Unfortunately it seems like there is a lot of fog around this. Even the
wikipedia page for dependent types botches the first example: "pairs of
numbers where the second element is greater than the first" is just a normal
type. A dependent type would be something like "pair<int,vec<T,n>>" where the
n is supposed to equal the first element of the pair.

The waters are muddied even further by the fact that you can reproduce many of
the canonical examples for dependent types using other mechanisms, as you
pointed out below for the vector-append operation!

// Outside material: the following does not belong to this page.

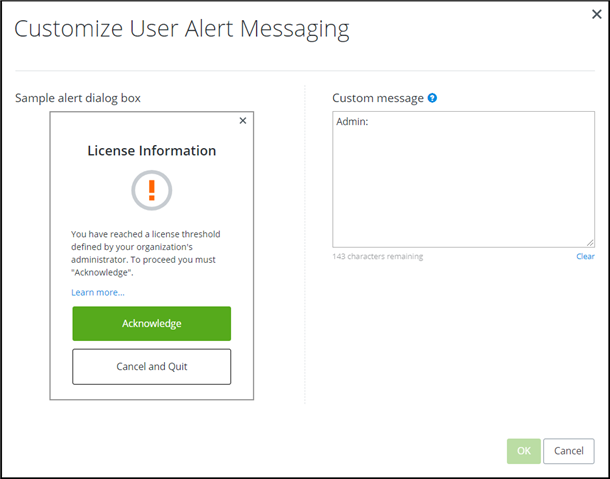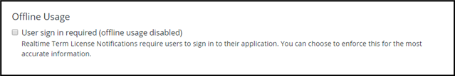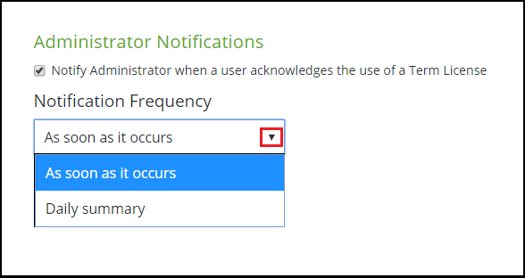 Please Note: License Alerting applies to the Term Licensing pop-up alert displayed to users while Notifications apply to the messaging sent to Administrators and Co-Administrators.

Edit: After complaining a bit about the Wikipedia page, it was pointed out
that you _can_ think of that example as a Sigma type. I contend it is not
obvious unless you have already spent time thinking about dependent types,
though.

------
icebraining
_a simple program took 25 seconds or more to build_

This is surprising, I haven't had that experience, although I've been using
the JavaScript backend instead, maybe it's much faster? It takes a few
seconds, but not that much, and I'm on mere X220.

Like the author, I also struggle to write clean code in it. I've been writing
a personal project to learn functional programming, Idris, Lambda and
DynamoDB, and it's been going slowly. Reading the book, and embracing the
suggested development method (type, define, refine) has been helpful, and I'm
enjoying the whole process, despite a couple of snags with the JS interface.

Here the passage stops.